Она рассказала мне, что чувствовала мое неодобрение ее развода с мужем и по этой причине имела постоянное внутреннее ощущение, что терапия ей не поможет. Я стал протестовать, заметив, что я делал интерпретации в этом направлении, однако она всегда пропускала их мимо ушей. Пациентка засмеялась, но не могла вспомнить, что я говорил ей что-то про это. Я сделал вывод, что для нее было очень важно, прежде всего из-за ее сверхопека-ющих родителей, чтобы она могла оставить мужа сама.
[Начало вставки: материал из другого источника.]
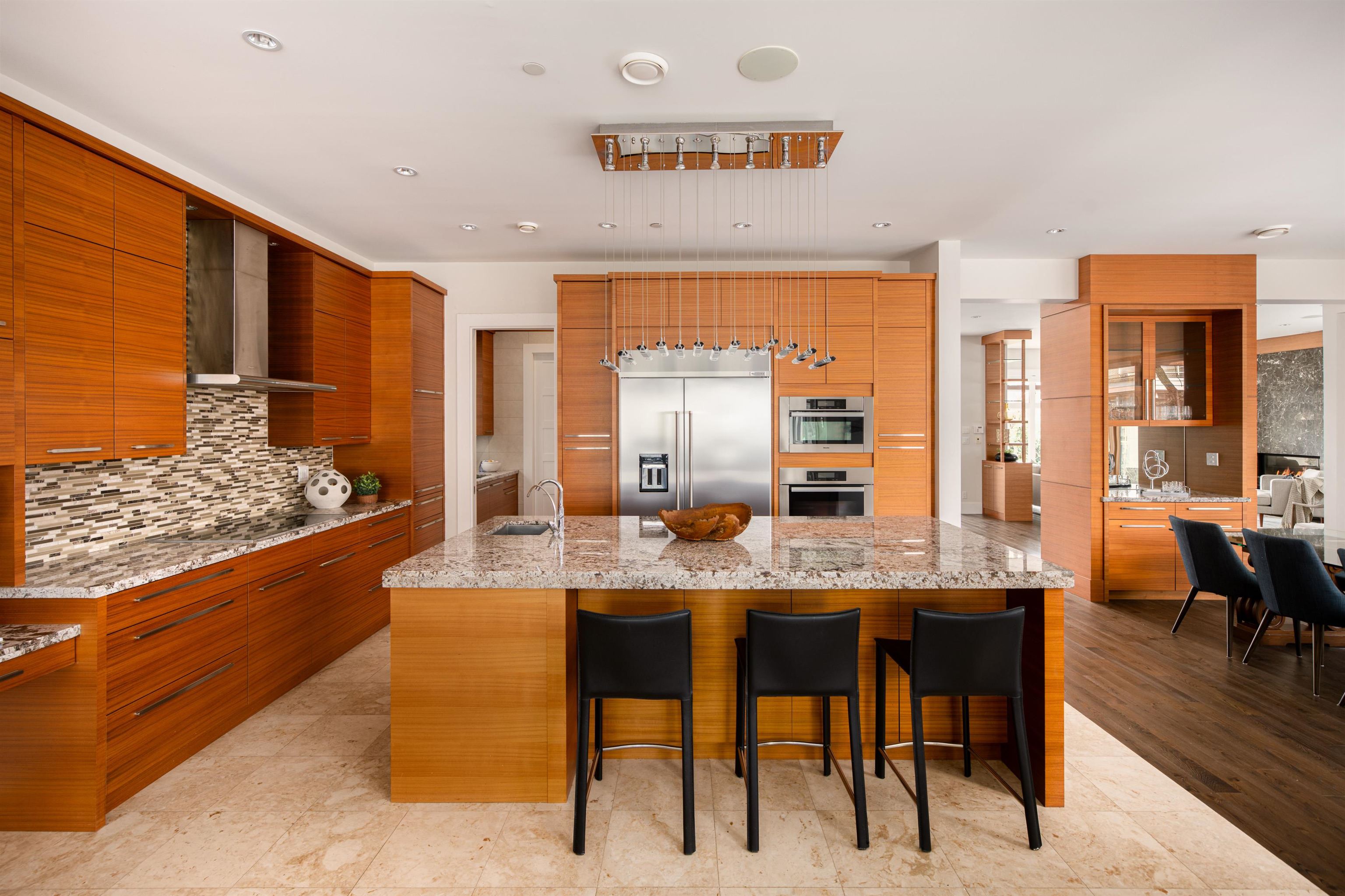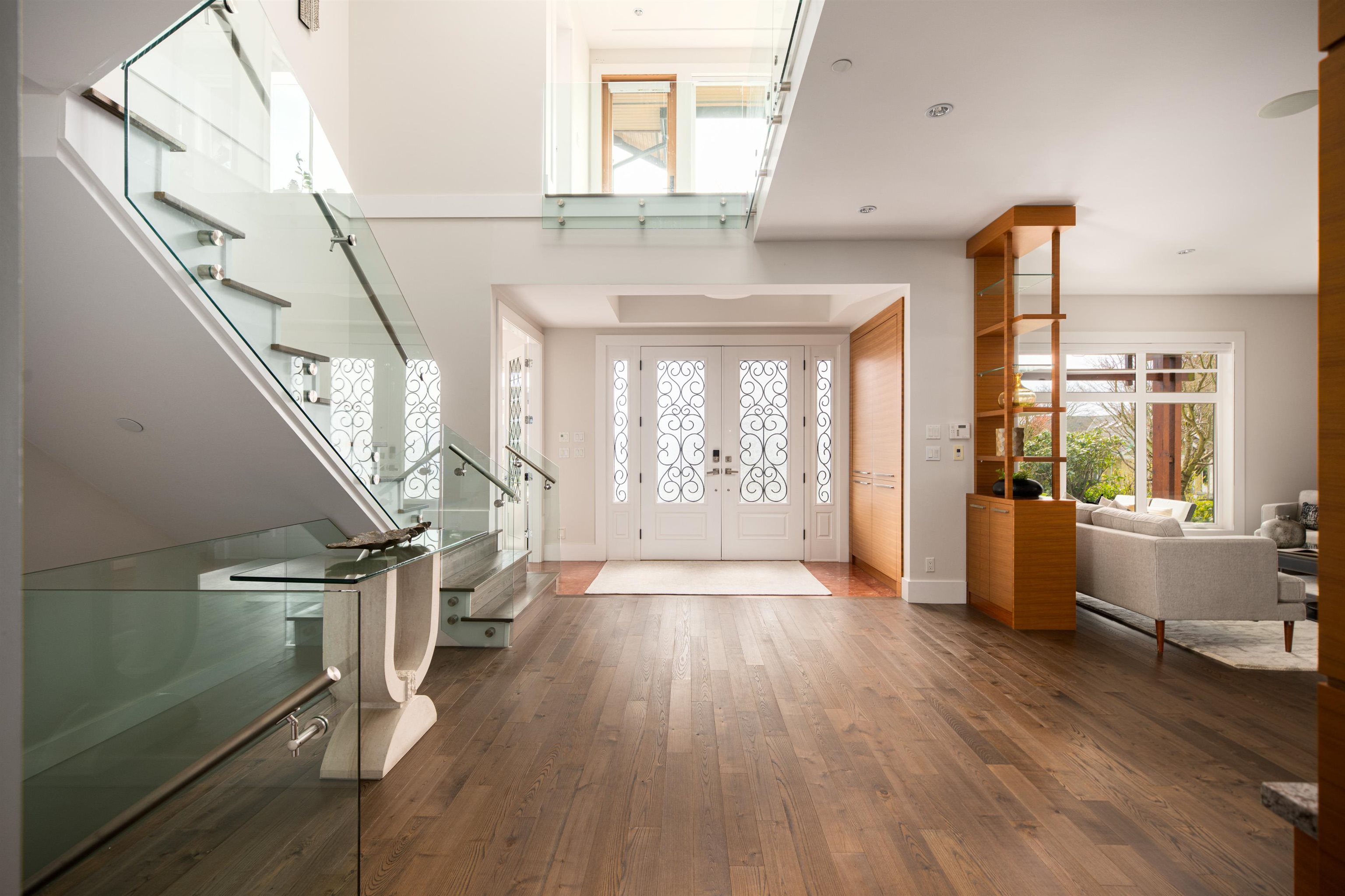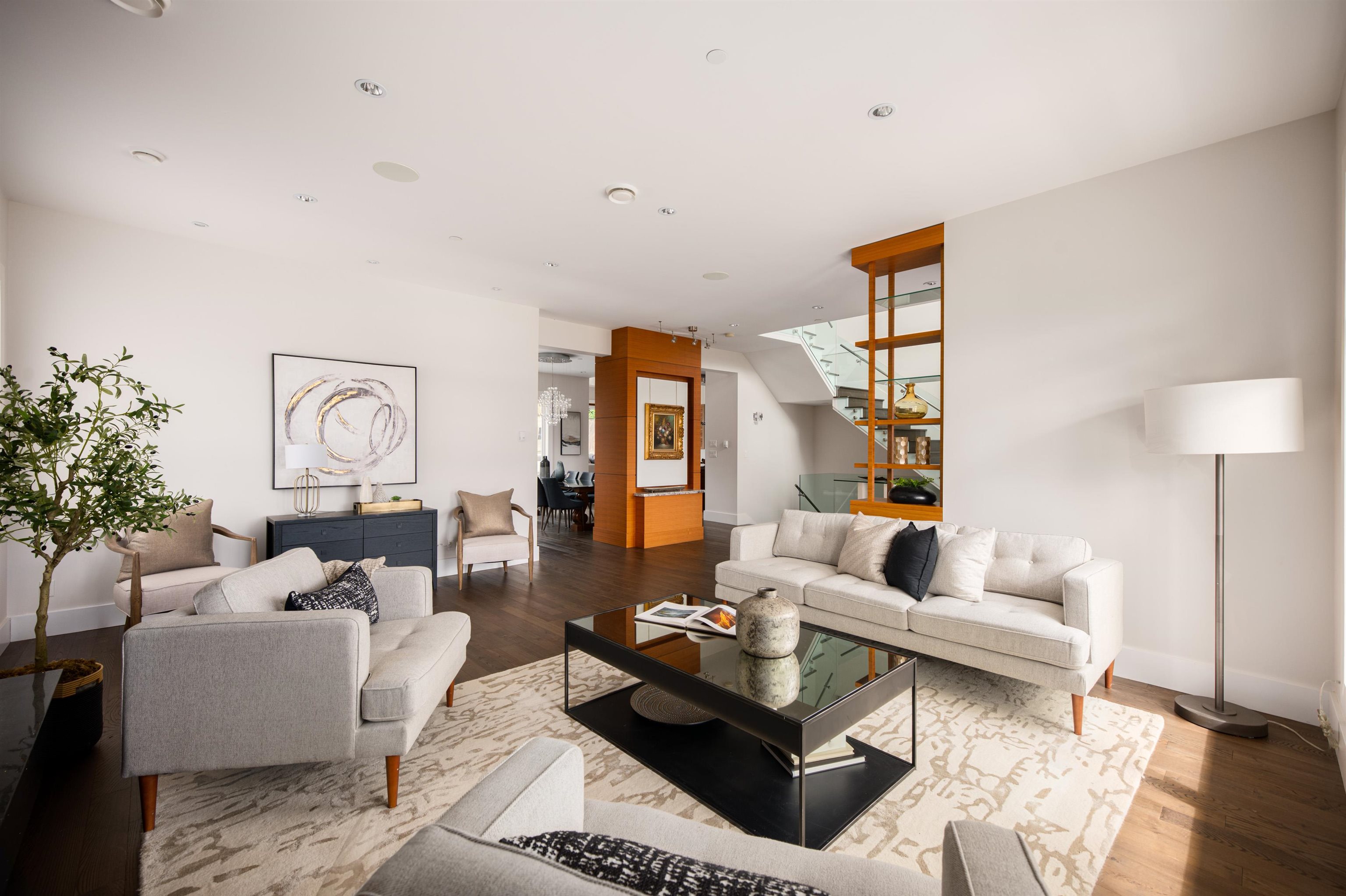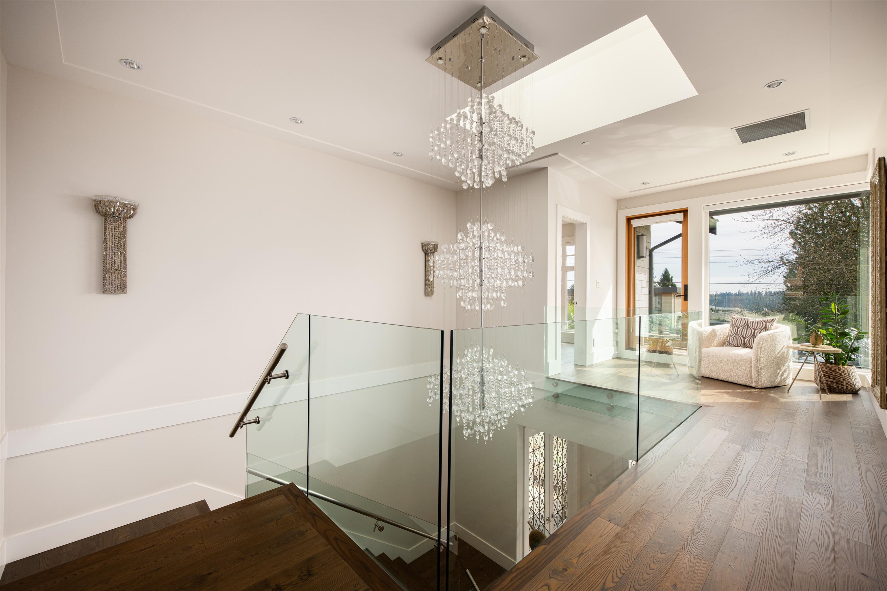 Perched on a sun-filled 9,000 SF flat lot, this stunning contemporary home offers over 5,000 SF of luxurious living with breathtaking views of Lions Gate Bridge, ocean, Stanley Park, and the North Shore Mountains. Vaulted ceilings and expansive windows flood the home with light, while the open-concept main floor features a chef’s kitchen with secondary kitchen and pantry, wine cellar, and built-in speakers -perfect for entertaining. With 4 bedrooms and 6 bathrooms, including a spa-inspired primary suite wit...

Но теперь появилась возможность обсуждать с ней подобные вещи. Она казалась более открытой и доступной, чем раньше, и наша терапевтическая работа продолжалась еще около полутора лет.
Фактически в первый раз эта женщина не завершила терапии окончательно. Совершенно бессознательно она сделала «перерыв» в лечении. Все это время она желала быть самостоятельной (заново переживая подростковый возраст), чтобы затем вернуться к сотрудничеству на более взрослом уровне. В следующий раз, когда мы заканчивали лечение, ее реакция на потерю меня как терапевта действительно выражала потерю и содержала в себе печаль.
Эта пациентка все еще может служить примером незаконченного лечения. Даже после вторичного окончания терапии она время от времени продолжает консультироваться у меня, и, по сути, мы можем так никогда и не закончить. Я остаюсь ее постоянным консультантом, что освободило ее мышление от излишней критичности и позволило принимать независимые решения. Она посещает меня несколько раз в год или даже с более чем годичным перерывом. Она с большой пользой использовала результаты нашей
предшествующей совместной работы. Это хороший итог для терапевтической пары. Во время нашей долговременной психотерапии была проделана большая работа. Жизнь сложна и часто даже жестока на крутых поворотах человеческой судьбы, и человек счастлив иметь надежного терапевта, которому можно спокойно доверить свои спутанные мысли и душевную боль. Вместе с тем мы, терапевты, должны быть готовы к тому, что после окончания успешной терапии мы почти ничего не услышим о пациентах за исключением очень редких, «хватающих нас за живое» писем. Трудно расставаться с этим навсегда; естественно, нас весьма интересует, что же случилось после терапии.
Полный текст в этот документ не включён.